Issue: is blocking the equivalent of match-fixing? Do we root it out? How?

Convener(s): Conor Short

Participants: Amelia Bird, Shakera Ahad, Claudia Jefferies, Rod from Red Ladder, Lee Simpson from Improbable, Fiona Drummond, Ewan Downie and others

Summary of discussion, conclusions and/or recommendations:

-the connection between 2 definitions of blocking.
1: planning all the moves and setting them in stone. (mainly the definition used throughout session)
2. In improv, where a participant puts up a wall to an offer by an other participant.
-The Whelan tape technique: blacking out the stage directions, recording the dialogue “flat”, playing it during rehearsals for actors to move to then pausing the tape with actors having to keep the scene going without the dialogue.
-Where does blocking emerge from?
*From actors’ impulse and experience (partly their experience of working within the pros-arch space)
*From wanting to create meaning through movement (and potential meanings are lost as possibilities are closed down by set-in-stone blocking)
*From a manifestation of the attitude that the director somehow knows more than the actor.
-But what about technical concerns like getting actors to stand in the light?
Give the actor the choice to stand in the light or out of it. What will actor do?
-The beauty of letting it go wrong, being able to let it go wrong.
-Fits into a (long?) tradition of co-dependency between actors and directors and infantilisation of artists in general.
-The safety of always being told what to do- you can always blame the director: “Did you see what he made me do in scene 3? But what you gonna do, ey?”
-A writer finding the director got in the way between her and the actors. But do you then take on the role of director by replacing him?
- remind ourselves that the director is a role, not a person.

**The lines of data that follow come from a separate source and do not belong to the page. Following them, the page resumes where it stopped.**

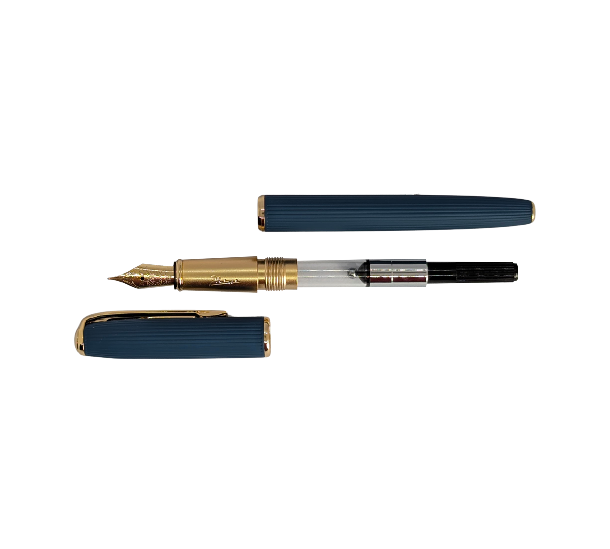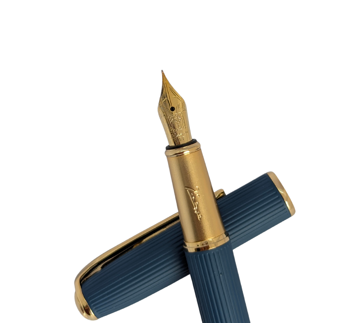 Sleek Gold Accents: The blue and black bodies are complemented by a polished gold-plated clip and central band.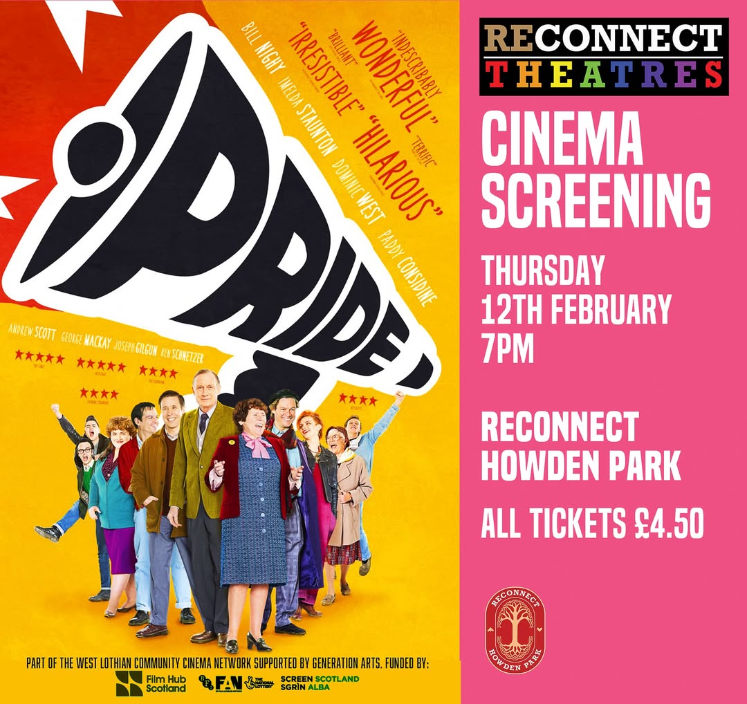 PRIDE is inspired by an extraordinary true story. It's the summer of 1984, Margaret Thatcher is in power and the National Union of Mineworkers is on strike, prompting a London-based group of gay and lesbian activists to raise money to support the strikers' families. Initially rebuffed by the Union, the group identifies a tiny mining village in Wales and sets off to make their donation in person. As the strike drags on, the two groups discover that standing together makes for the strongest union of all..Come and celebrate LGBT+ History month with us at Reconnect Howden Park in partnership with West Lothian Pride.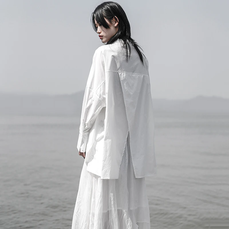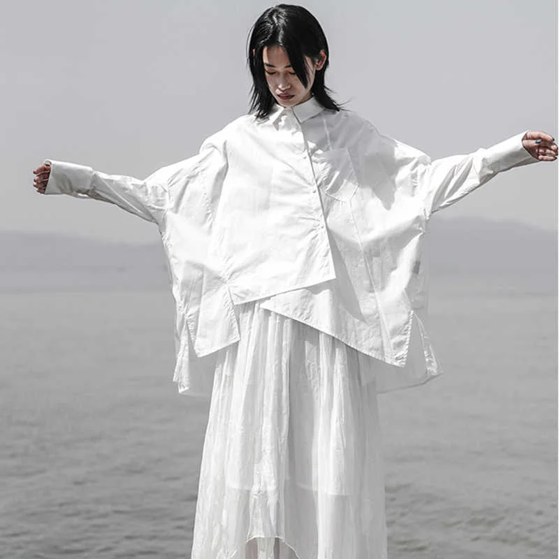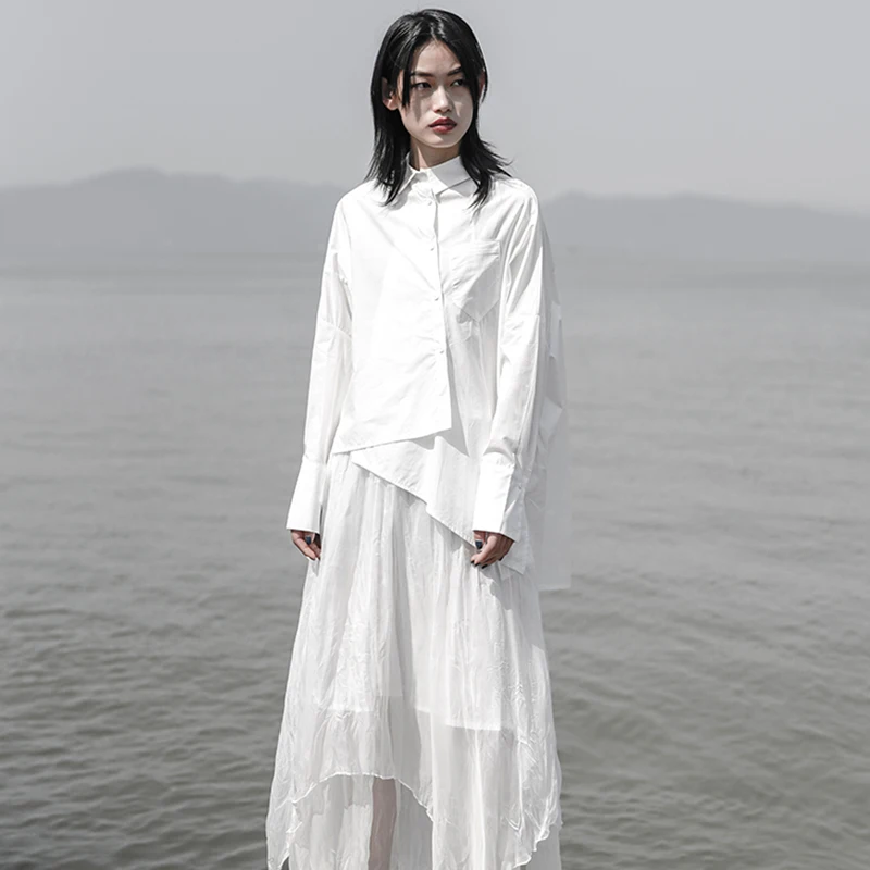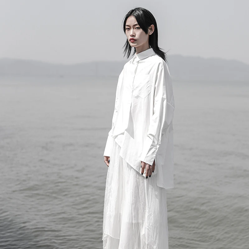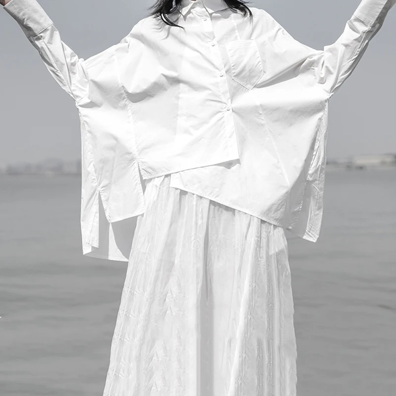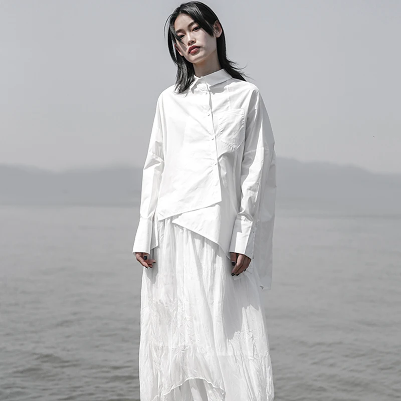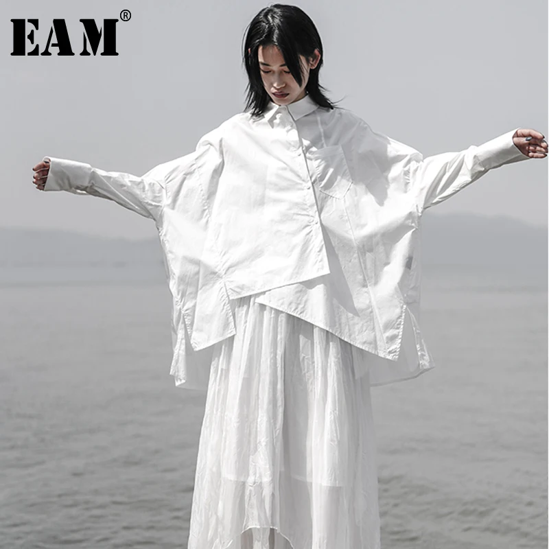 EAM 2022 Новинка весна осень отворот длинный рукав белый свободный оверсайз Асимметричная Свободная рубашка Женская блузка Мода JS921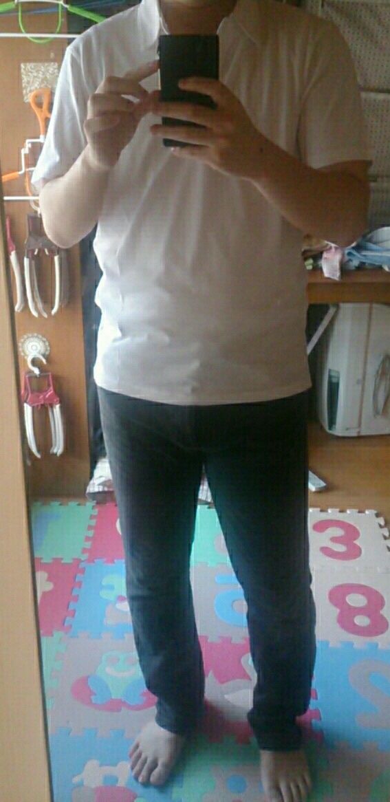 ポロシャツの着丈が長いのにデニムの細さが中途半端だからシルエットが全く整ってねえな
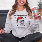 Introducing the ultimate holiday attire! This super soft sweatshirt combines hilarity and comfort in one extraordinary package. Featuring a whimsical skeleton donning a Santa hat, there's no doubt that this shirt brings the laughter. But the amusement doesn't stop there, as the quote "Only a morning person on December 25th" adds a touch of relatability to the design. Made from the coziest material, this sweatshirt ensures unparalleled comfort throughout the festive season. Prepare for unstoppable cheer and laughter with this super funny Christmas shirt that is perfect for spreading joy at holiday gatherings or lounging by the fireplace.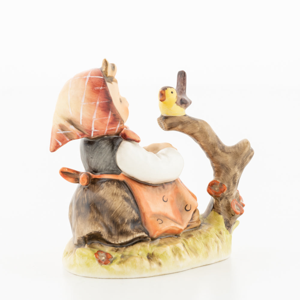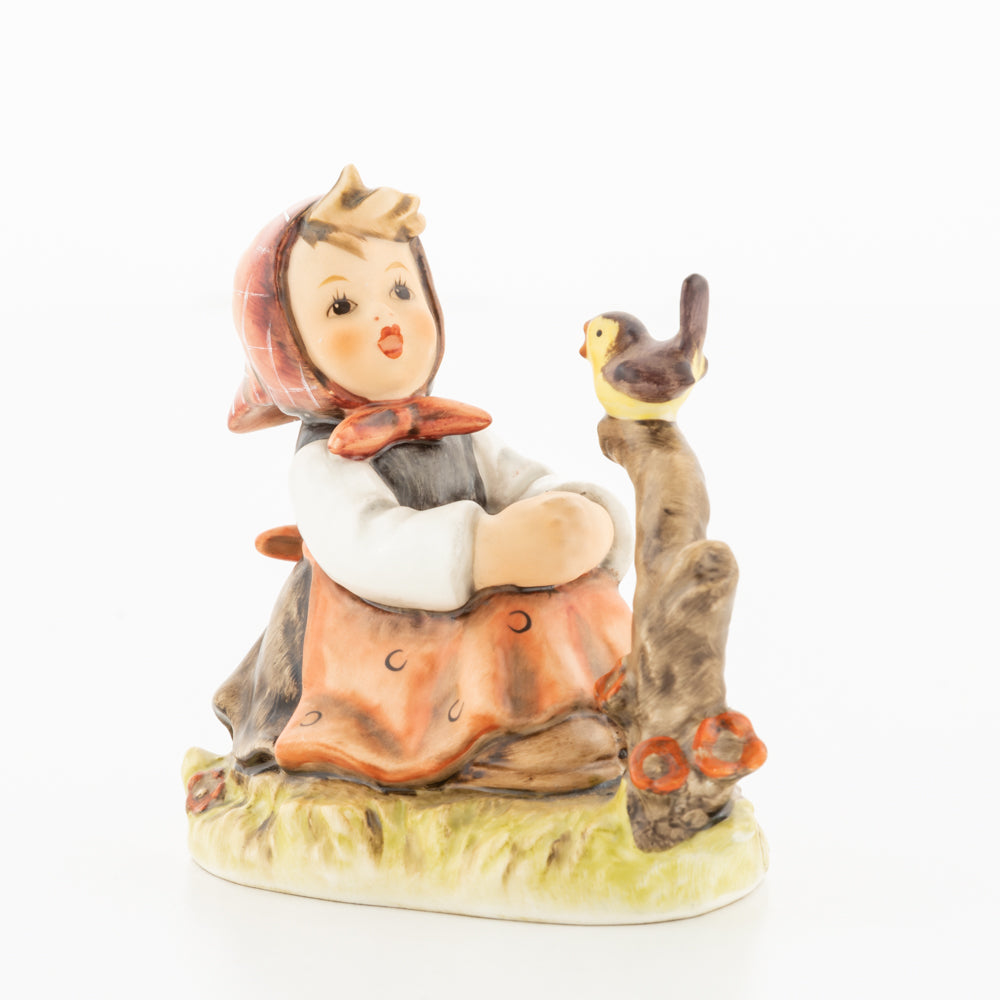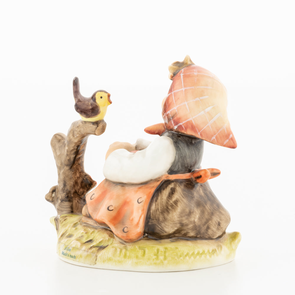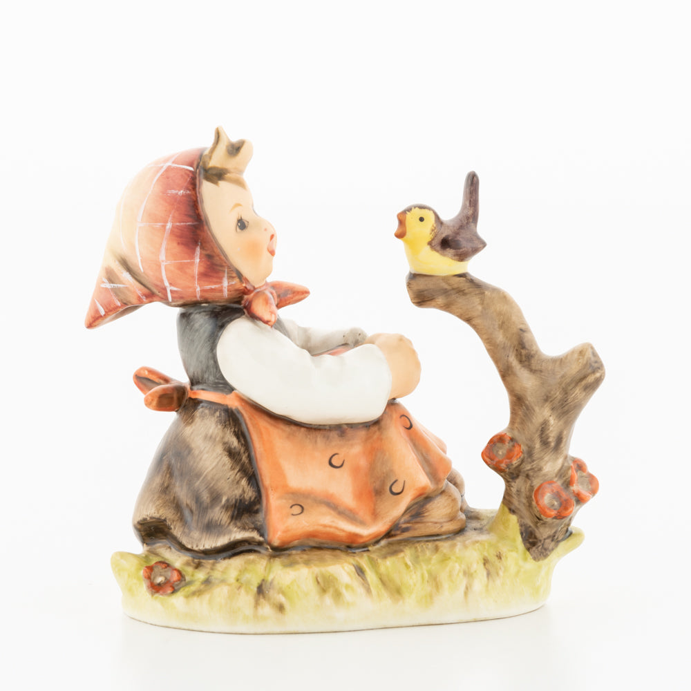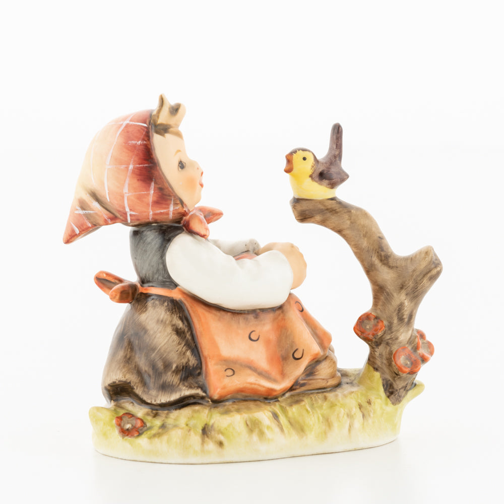 Wer wohl zuerst sein Liedchen angestimmt hat? Das reizende Duett "Mach´s nach" aus Hummel-Mädchen und dem kleinen Vögelchen wurde im Jahr 1981 erstmalig für den amerikanischen Markt produziert. Meistermodelleur Gerhard Skrobek hauchte der original M.I. Hummel-Figur Leben ein. Die beiden fröhlichen Gesellen aus der Hummel Manufaktur Rödental sind auch auf der Hummel-Glocke HUM 703 und dem Springtime Teller HUM 297 als Motiv zu finden.

A lot of covert directing actually takes place.
-The actor who complains to the dir: “We’re not getting enough notes!” We need to “notice the process”, be aware of it and explore what the actor really wants the note for- perhaps address by saying ok, everyone will get five notes each now, that’s the rule (eve if you have to make them up)
-A lot of it is about training actors to be responsible for decisions. In drama school or in the company.
- The dir as facilitator, the one who starts the dialogue, opens the space, holds the space where people are allowed to take responsibility.
-How to facilitate that?
-KneeHigh’s Madame Giles exercise: Madame Giles is asleep, the servant is washing up, the postman cycles past the window, delivers a package which is take to Madame Giles, who refuses it, the servant must get back the kitchen to throw the package back to the postman before he has cycled past the window.
About developing a feeling for the organics of the scene.
-yet you have to move a sofa at some point- does that kill everything? No, a million ways to move a sofa, just like scoring a goal- you know your objective, you don’t need to plan how you are going to achieve it.
-blocking is a way of making something look natural
-How do we still feel safe within this? Don’t actors need to feel safe in order not to close down? We have to get to a stage where we feel safe within danger, safe feeling vulnerable, because fear makes you close down- which is opposite to being awake.
-Lecoq’s “naughty energy”.
-Commedia del Arte game (?) fighting for the central square
-Brecht and his designer, Casper Meher (sp?) working with Gestus (sp?)
-tottering bipeds, the idea of constantly stumbling
-the possibility and perhaps danger of valuing the disturbance to the extent that we replace one autocratic system with another
-to the actor who wants some blocking, perhaps say ok, I will block you and no one else: the actor speaking to an empty space with other actors behind him.
-it essentially boils down to being Asleep or Awake. But aren’t you always doing something anyway, whether you’re doing it Asleep or Awake?
-So is the question: How do we wake actors up?
-A musician: “How dare you be asleep? You’ve got this brilliant job, there’s the bloody door if you want to be asleep.”
-How working in the round affects a sense of truth and freedom: doe sit make this more truthful because we’re not angling ourselves towards our audience.
-Performing outdoors sending all blocking out the window anyway: flies, horses etc.
- Shakespeare and company not rehearsing-just doing it with cue-scripts. Makes you listen, makes you very awake. How it goes wrong once in The Merchant of Venice.
- Irish director Jo Dowling who now never blocks since one of his actors broke a leg and a brand-new sort of blocking just happened and worked as well.
-Can blocking be the game? How can I find truth and life within the confines of set movement
-Emma Rice: asking you to do something which feels nonsensical (eg jump 3 times) without explanation. Feeling wrong and struggling with it and eventually finding why it made sense to do. How much explanation do we need, is it what we need?
-viewpoint technique (Ann Bogart)-giving lots of suggestions, throwing actions in (eg, 20 seconds of looking up, looking down, speaking fast)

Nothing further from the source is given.